### Exercise requirements
Repeat the span of the entries below that starts at the line with "China: ZCE mostly lower" and ends at the line with "Set İçeriği: 2", nothing more. Skip the pictures.

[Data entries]
****************************************

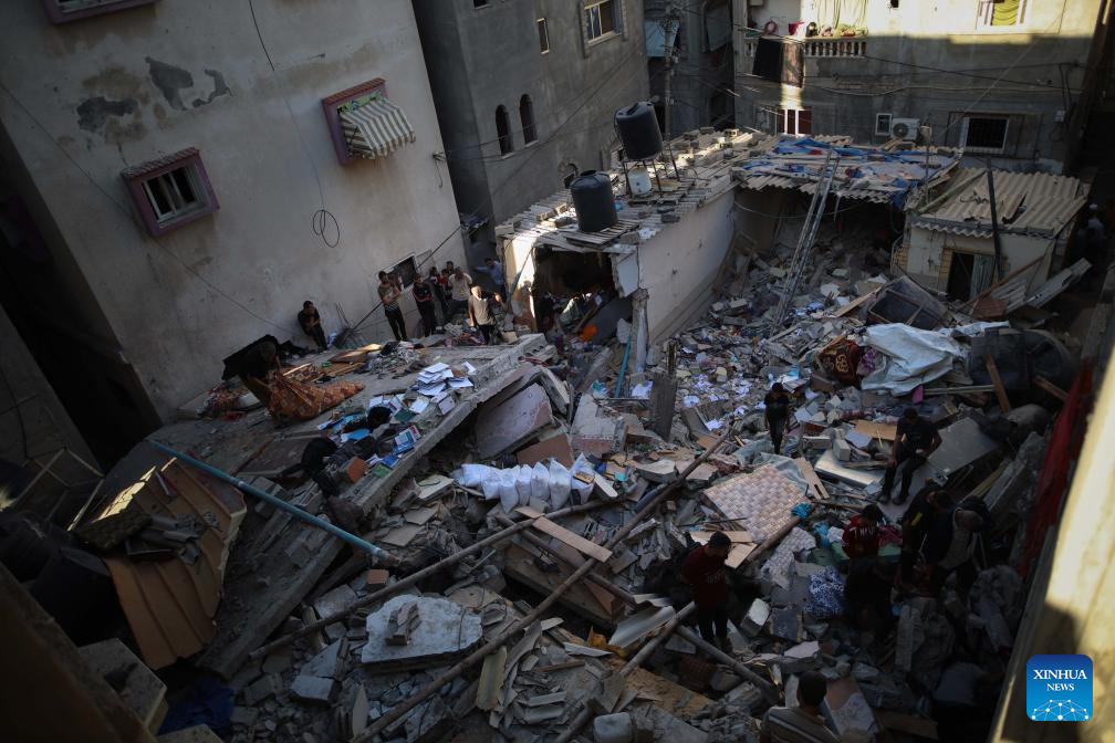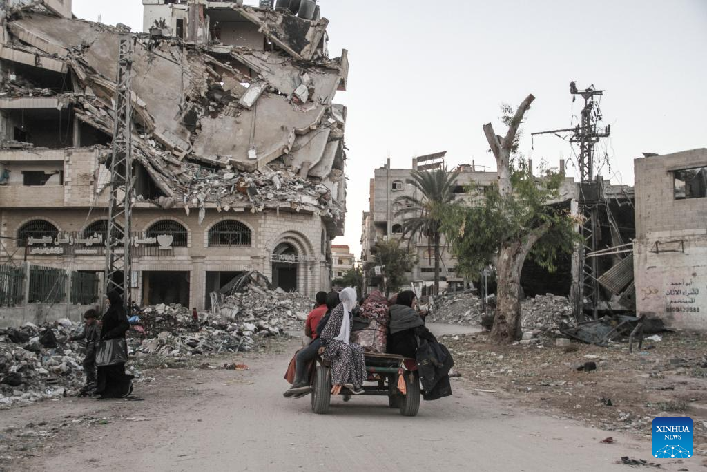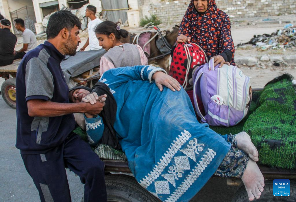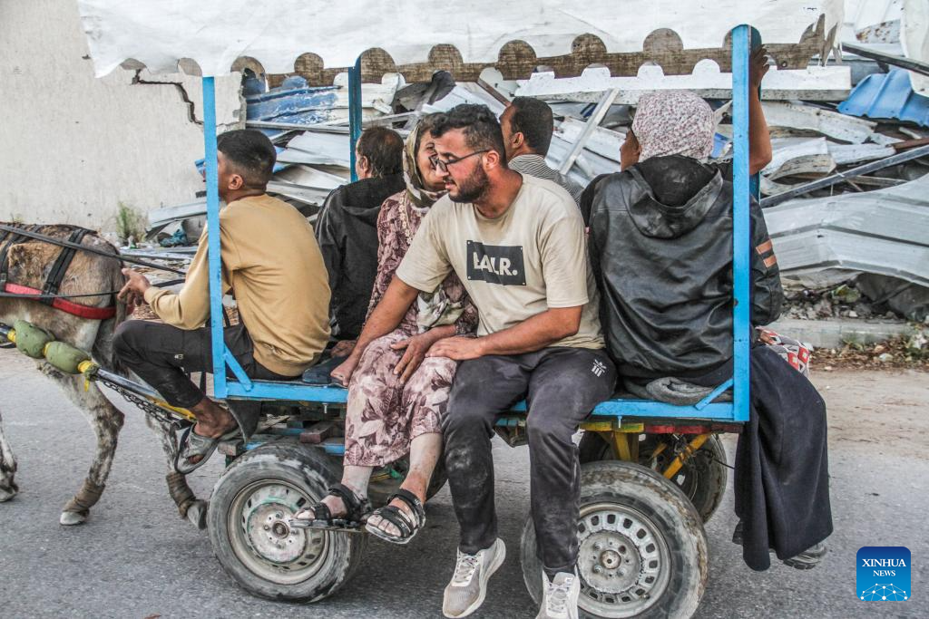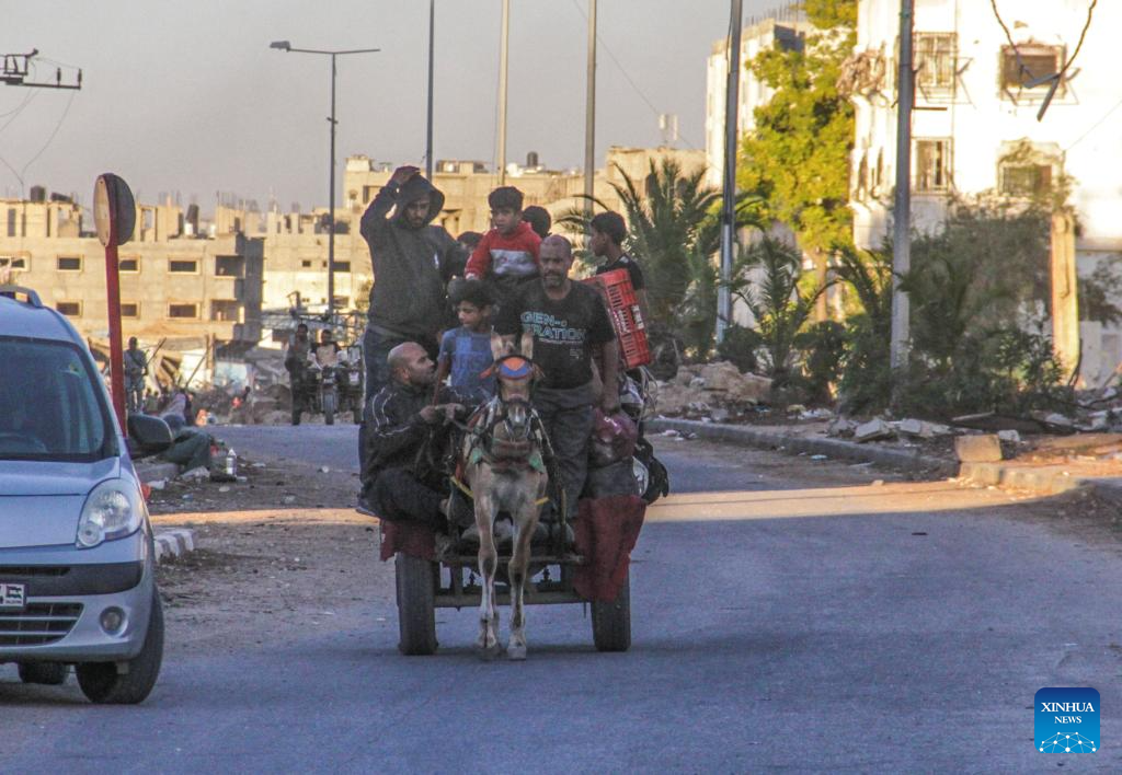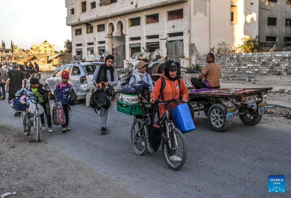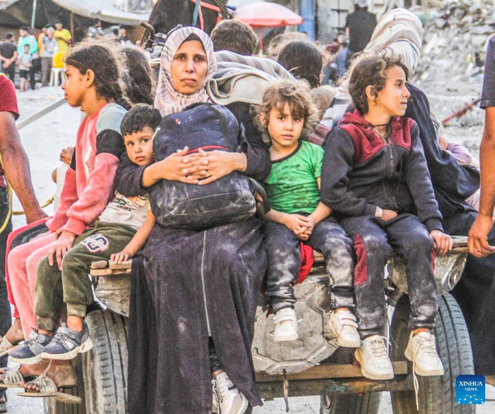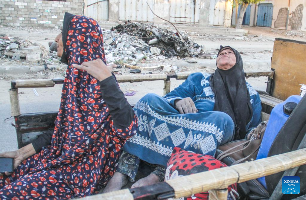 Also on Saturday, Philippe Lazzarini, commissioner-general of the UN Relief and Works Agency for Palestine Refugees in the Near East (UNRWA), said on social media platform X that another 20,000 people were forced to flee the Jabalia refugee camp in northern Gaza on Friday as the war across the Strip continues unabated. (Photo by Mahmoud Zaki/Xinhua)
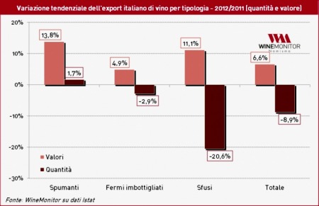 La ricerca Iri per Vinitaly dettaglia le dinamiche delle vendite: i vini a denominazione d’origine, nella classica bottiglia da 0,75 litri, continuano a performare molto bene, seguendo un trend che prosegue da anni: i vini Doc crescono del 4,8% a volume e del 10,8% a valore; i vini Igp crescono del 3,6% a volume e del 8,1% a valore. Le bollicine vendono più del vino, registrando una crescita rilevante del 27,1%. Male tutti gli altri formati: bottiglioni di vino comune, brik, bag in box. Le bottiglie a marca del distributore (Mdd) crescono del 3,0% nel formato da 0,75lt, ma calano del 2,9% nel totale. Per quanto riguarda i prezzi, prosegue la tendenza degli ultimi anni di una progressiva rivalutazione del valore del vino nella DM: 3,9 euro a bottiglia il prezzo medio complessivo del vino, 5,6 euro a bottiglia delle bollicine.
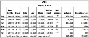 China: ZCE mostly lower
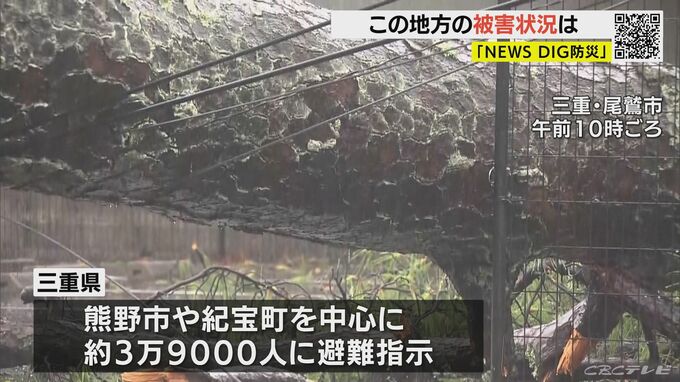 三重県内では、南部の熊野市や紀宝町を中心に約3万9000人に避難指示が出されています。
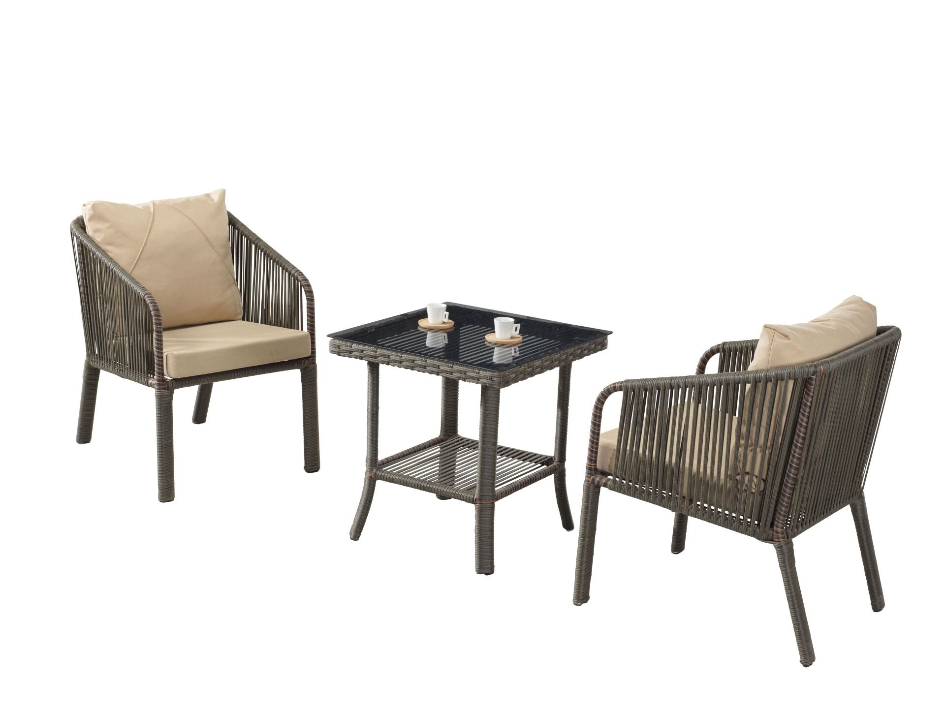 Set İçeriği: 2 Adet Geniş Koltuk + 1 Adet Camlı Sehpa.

****************************************

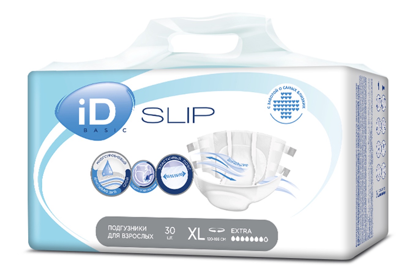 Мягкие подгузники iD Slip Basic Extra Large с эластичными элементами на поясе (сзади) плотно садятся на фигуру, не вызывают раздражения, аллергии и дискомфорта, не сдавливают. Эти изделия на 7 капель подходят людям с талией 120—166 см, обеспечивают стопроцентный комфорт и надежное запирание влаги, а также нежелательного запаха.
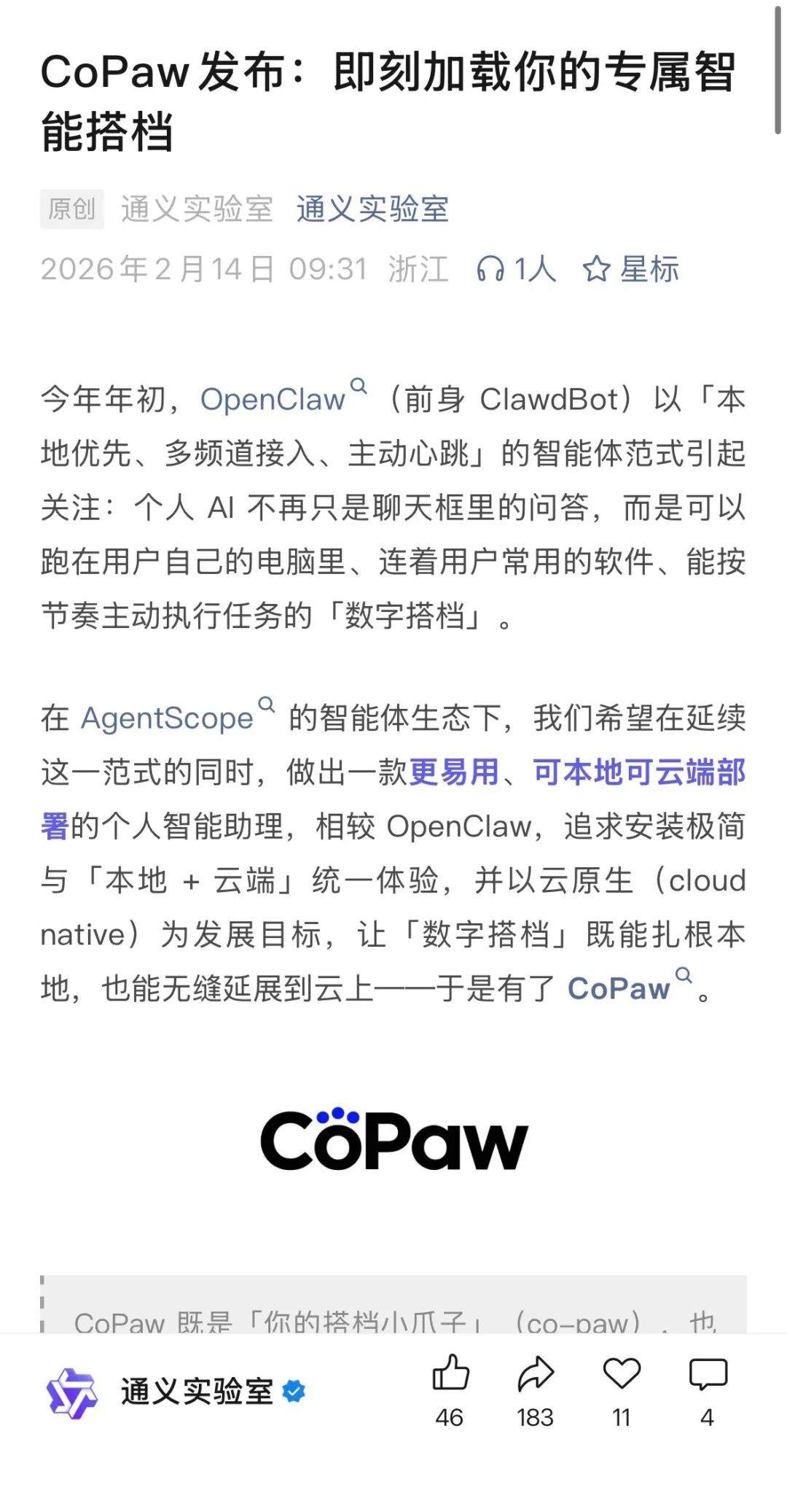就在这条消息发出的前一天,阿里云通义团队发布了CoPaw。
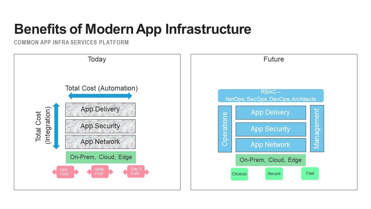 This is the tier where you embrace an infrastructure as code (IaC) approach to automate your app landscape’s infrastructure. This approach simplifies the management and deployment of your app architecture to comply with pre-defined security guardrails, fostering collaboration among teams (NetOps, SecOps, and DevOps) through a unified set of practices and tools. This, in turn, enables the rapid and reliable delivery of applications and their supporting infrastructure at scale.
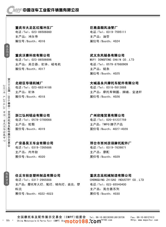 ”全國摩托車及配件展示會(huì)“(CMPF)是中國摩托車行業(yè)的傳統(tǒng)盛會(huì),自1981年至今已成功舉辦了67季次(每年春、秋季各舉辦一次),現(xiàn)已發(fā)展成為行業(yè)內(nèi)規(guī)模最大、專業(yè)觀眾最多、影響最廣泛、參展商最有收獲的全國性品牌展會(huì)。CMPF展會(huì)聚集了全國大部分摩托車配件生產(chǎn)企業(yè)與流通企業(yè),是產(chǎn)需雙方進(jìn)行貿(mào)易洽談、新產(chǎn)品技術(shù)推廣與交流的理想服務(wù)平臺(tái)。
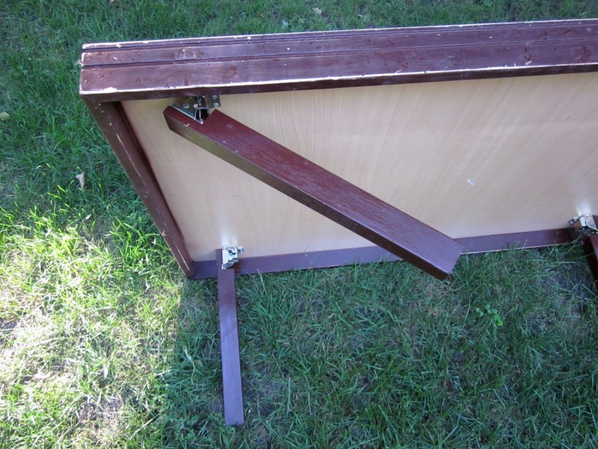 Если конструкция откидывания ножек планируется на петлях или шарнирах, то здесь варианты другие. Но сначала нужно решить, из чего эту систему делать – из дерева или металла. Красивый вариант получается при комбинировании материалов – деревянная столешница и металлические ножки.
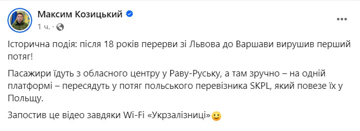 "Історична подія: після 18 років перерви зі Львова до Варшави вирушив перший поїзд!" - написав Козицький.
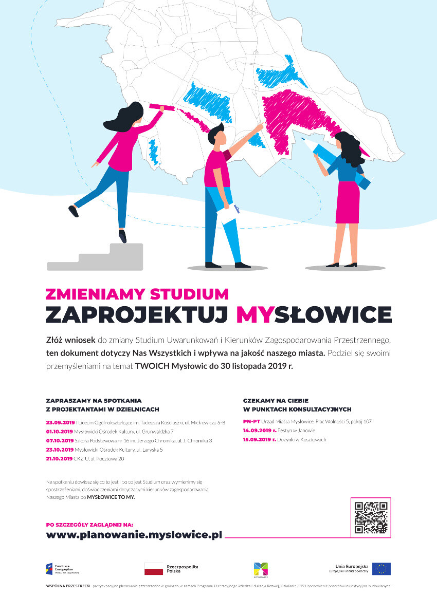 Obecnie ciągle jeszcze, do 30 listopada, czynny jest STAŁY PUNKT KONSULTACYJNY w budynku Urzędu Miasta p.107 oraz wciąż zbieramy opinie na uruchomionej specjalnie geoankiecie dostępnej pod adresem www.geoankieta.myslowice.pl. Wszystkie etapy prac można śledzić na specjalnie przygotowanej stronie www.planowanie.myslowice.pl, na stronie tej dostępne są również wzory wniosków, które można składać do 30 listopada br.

****************************************

### Solution to the exercise
 China: ZCE mostly lower
 三重県内では、南部の熊野市や紀宝町を中心に約3万9000人に避難指示が出されています。
 Set İçeriği: 2 Adet Geniş Koltuk + 1 Adet Camlı Sehpa.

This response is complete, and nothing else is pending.